• _What you are asked to do_
Produce a word-for-word copy of the lines from the one that contains "Документ посвящен самопознанию" to the final line of the data below, with all pictures dropped.

(Stored items from a collection)
- - - - -

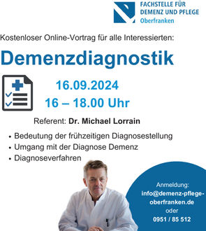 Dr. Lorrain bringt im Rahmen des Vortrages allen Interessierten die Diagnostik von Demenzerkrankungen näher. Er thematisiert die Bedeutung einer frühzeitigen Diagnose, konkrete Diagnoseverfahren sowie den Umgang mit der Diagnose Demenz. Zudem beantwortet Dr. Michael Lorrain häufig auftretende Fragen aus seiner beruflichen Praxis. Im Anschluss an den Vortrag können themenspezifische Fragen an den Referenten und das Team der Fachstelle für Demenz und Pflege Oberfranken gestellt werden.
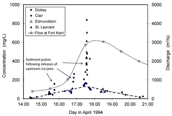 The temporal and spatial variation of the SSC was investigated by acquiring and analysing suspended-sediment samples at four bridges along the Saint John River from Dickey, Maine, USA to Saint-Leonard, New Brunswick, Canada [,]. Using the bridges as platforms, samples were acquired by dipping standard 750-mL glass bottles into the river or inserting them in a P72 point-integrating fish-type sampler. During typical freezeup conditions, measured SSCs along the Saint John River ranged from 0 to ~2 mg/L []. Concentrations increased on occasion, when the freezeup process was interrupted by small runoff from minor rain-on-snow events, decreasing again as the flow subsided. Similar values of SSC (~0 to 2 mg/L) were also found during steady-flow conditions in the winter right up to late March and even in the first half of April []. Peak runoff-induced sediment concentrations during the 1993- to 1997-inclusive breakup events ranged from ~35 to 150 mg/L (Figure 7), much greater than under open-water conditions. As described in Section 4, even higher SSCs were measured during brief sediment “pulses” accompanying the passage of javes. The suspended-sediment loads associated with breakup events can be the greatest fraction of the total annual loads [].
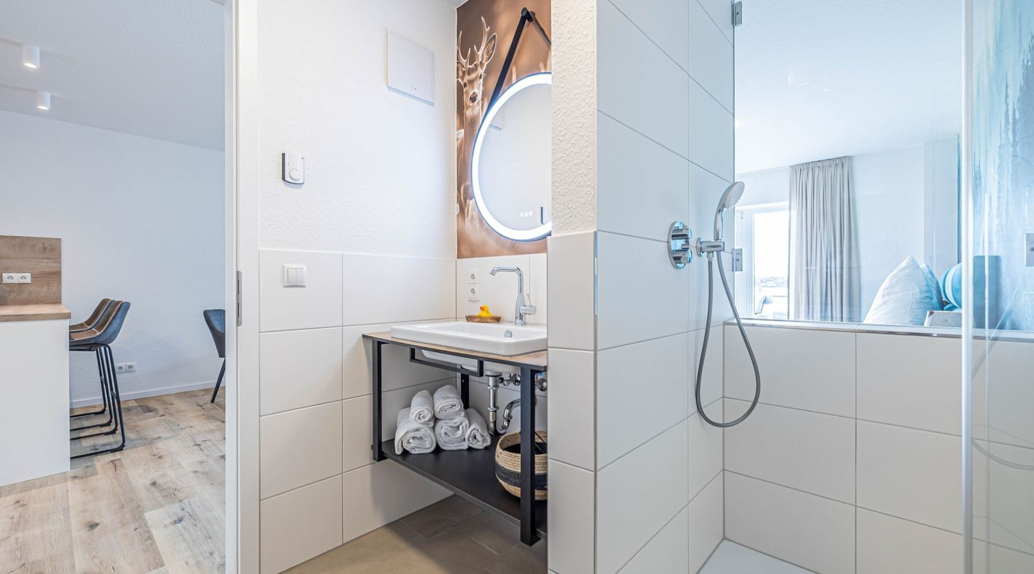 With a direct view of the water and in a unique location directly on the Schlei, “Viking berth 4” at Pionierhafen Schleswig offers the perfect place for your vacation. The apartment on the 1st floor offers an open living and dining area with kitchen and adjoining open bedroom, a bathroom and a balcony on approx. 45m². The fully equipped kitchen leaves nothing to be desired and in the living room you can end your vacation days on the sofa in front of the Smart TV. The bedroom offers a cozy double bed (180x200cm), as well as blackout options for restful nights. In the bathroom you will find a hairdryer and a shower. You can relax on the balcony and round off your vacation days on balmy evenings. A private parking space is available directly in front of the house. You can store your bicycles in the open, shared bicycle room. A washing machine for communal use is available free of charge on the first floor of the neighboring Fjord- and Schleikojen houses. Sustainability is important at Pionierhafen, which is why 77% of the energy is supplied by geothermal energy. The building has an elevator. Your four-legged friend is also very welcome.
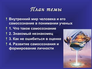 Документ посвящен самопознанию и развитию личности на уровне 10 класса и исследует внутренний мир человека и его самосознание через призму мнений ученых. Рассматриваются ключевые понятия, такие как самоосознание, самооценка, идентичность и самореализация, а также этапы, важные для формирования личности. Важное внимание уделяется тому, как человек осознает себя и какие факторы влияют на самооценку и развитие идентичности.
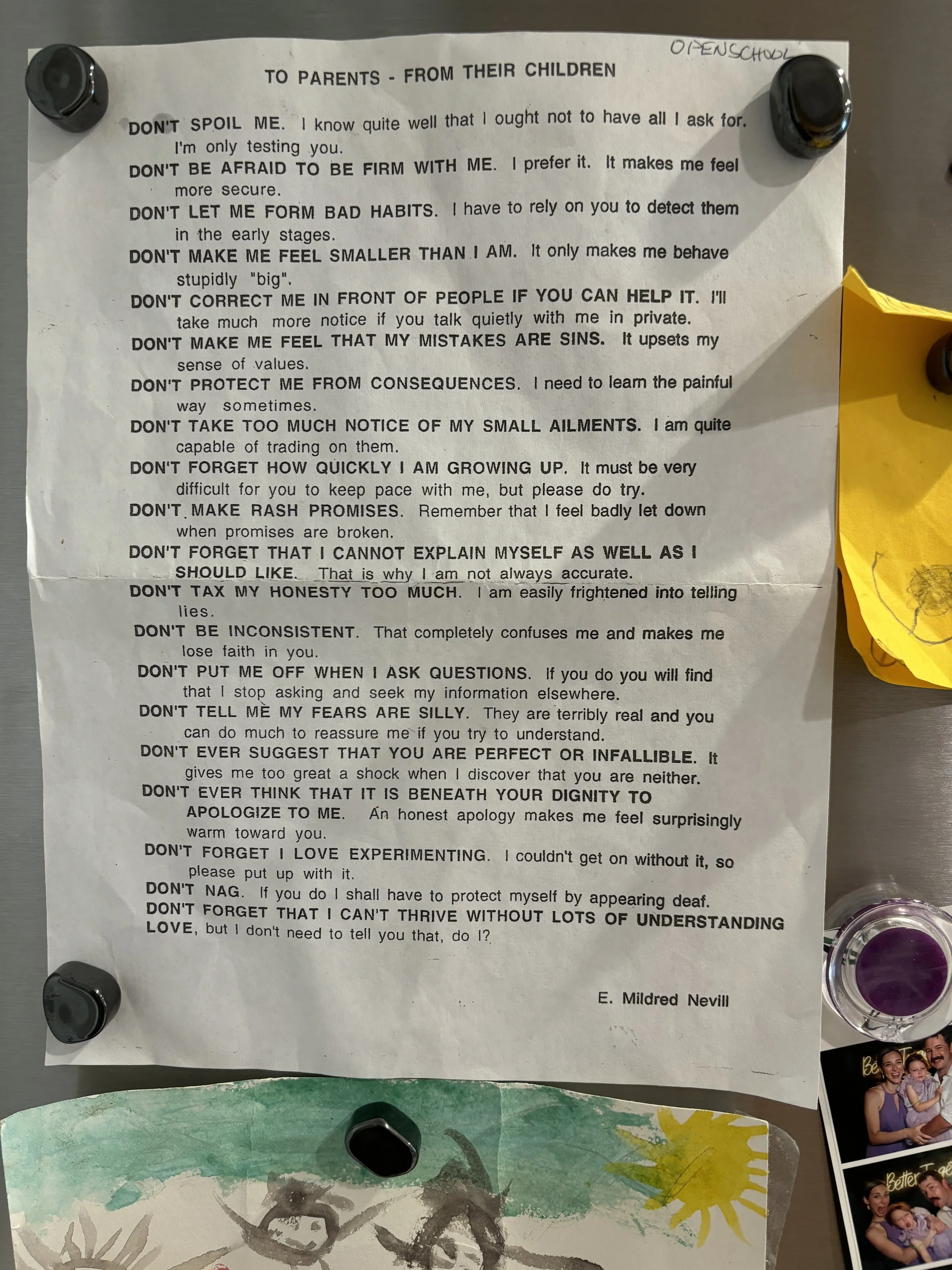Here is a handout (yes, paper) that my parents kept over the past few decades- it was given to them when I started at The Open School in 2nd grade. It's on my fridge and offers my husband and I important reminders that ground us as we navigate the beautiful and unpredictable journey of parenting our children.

- - - - -

• _Response area_
 Документ посвящен самопознанию и развитию личности на уровне 10 класса и исследует внутренний мир человека и его самосознание через призму мнений ученых. Рассматриваются ключевые понятия, такие как самоосознание, самооценка, идентичность и самореализация, а также этапы, важные для формирования личности. Важное внимание уделяется тому, как человек осознает себя и какие факторы влияют на самооценку и развитие идентичности.
Here is a handout (yes, paper) that my parents kept over the past few decades- it was given to them when I started at The Open School in 2nd grade. It's on my fridge and offers my husband and I important reminders that ground us as we navigate the beautiful and unpredictable journey of parenting our children.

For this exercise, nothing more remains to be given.